Cotton condition ratings nationwide went backwards by five percentage points, dropping to only 41 percent in the good to excellent categories. In the top five producing states, the largest producer, Texas, had a seven-point drop in its rating, leaving it at an extremely low 17 percent. Mississippi’s rating came down by four points. Alabama still has the highest rated crop at 82 percent, but even it declined by three points this week.

The national grain sorghum condition rating sank by five points, dragging it down to 55 percent. The largest producing state of Texas saw the largest drop in its condition rating as well with a reported 16 percent decline since a week ago! Oklahoma’s rating came down by seven points.

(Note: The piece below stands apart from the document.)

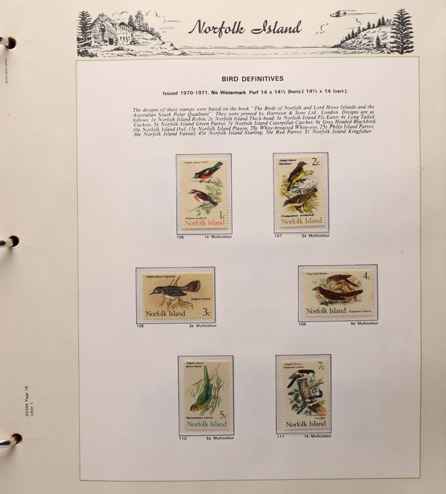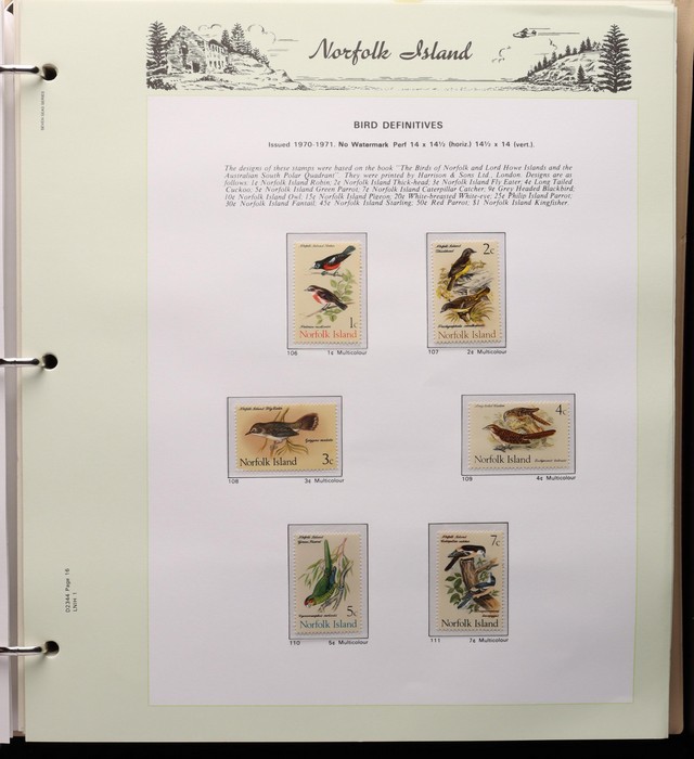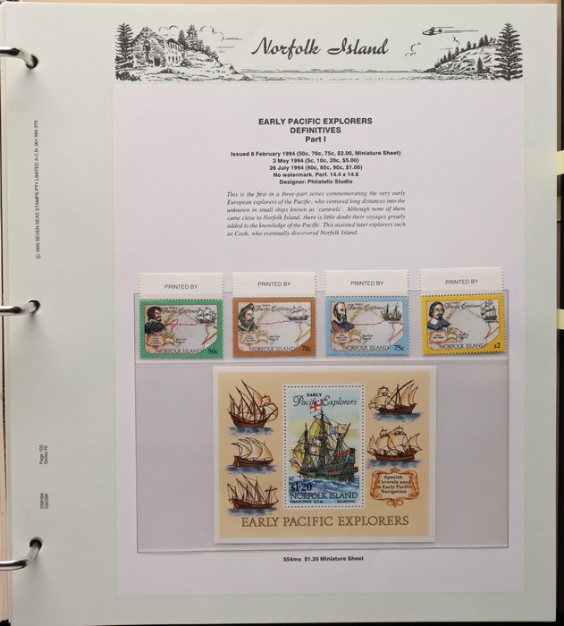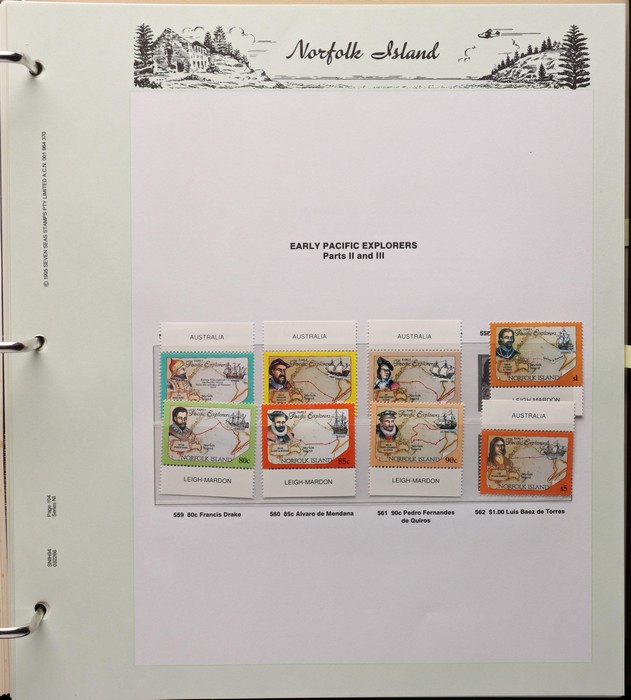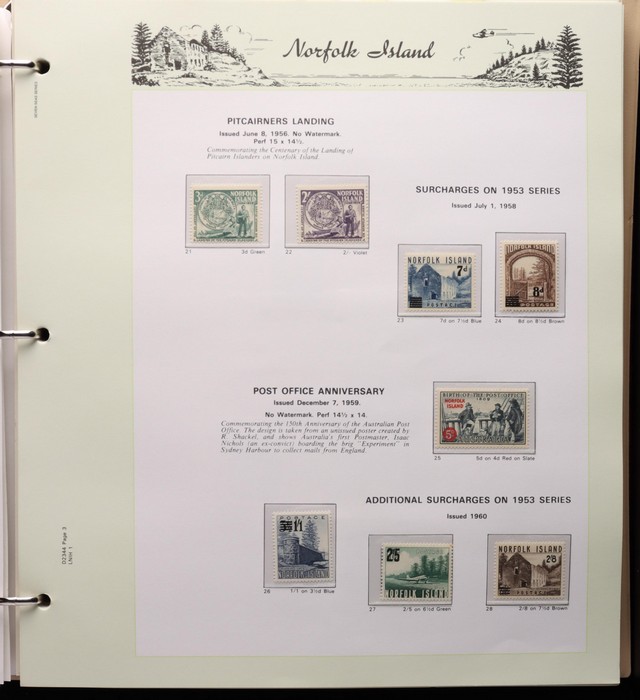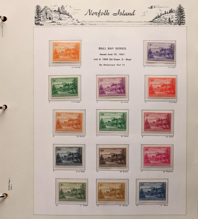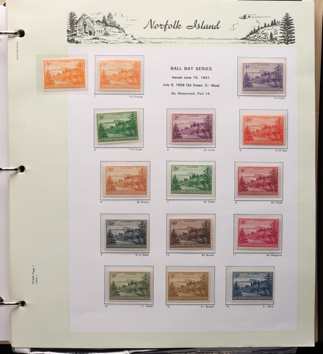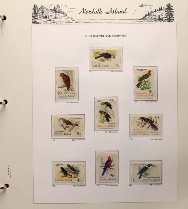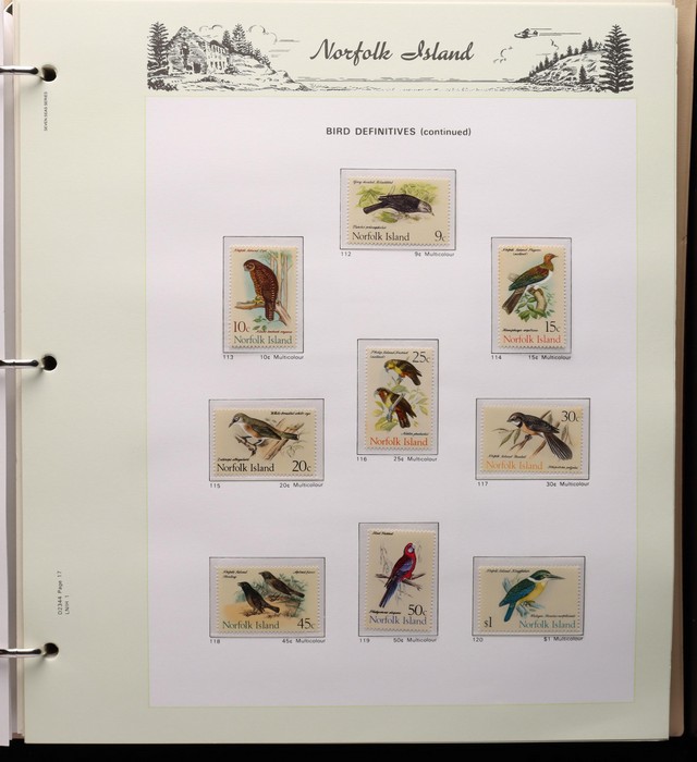 732 imageNorfolk Island: 1947-1994 virtually comp MNH collection in KA-BE hingeless album with 1947 Ball Bay set to 2/- blue plus ½d, 1d, 1½d, 2d white papers, 1958-60 Surcharges set of 5, 1960 Defs to 10/- Bird plus extra 10/- opt SPECIMEN at UL (retail $110) & all other pre-dec Pic/Commem sets & singles. 1966 opt set, 1967 Ships & 1969 Bird sets, 1974 UPU M/Sheet, 1980 Aircraft, 1984 Flowers, 1987 Scenes, 1990-91 Ships, 1994 Explorers sets all to $5 plus nearly all the other decimal Pic sets & some extras inc 1969 Birds pack, 1987 Scenes pack & 6 diff 1990s booklets. All fresh MNH, retail $1200 plus extra for the hingeless album. (Image1) (Image2) (Image3) (Image4) (Image5) (Image6) (Image7) (Image8) (Image9) (Image10) (Image11) (Image12) (Image13) (Image14) (Image15) (Image16)

Kansas managed to improve by two points while in the northern Plains, South Dakota actually improved by six points - somehow bucking the trend of its corn and soybean ratings.

Spring wheat condition nationally came down by seven percentage points since last week’s survey, landing at only 42 percent good to excellent. North Dakota reported a huge drop of 10 points and Washington state trimmed four points from its total. Even though it may not be the biggest producing state, Minnesota had an eye opening drop of 20 points in its rating this week!

USDA provided its first spring wheat harvest report for this year. In it, the national harvest progress is pegged at two percent as the SPRING wheat harvest is just getting underway. South Dakota leads the way in SPRING wheat harvest at 21 percent even though that trails its average pace by five points. Washington state is slightly ahead of its average with 12 percent out of the field.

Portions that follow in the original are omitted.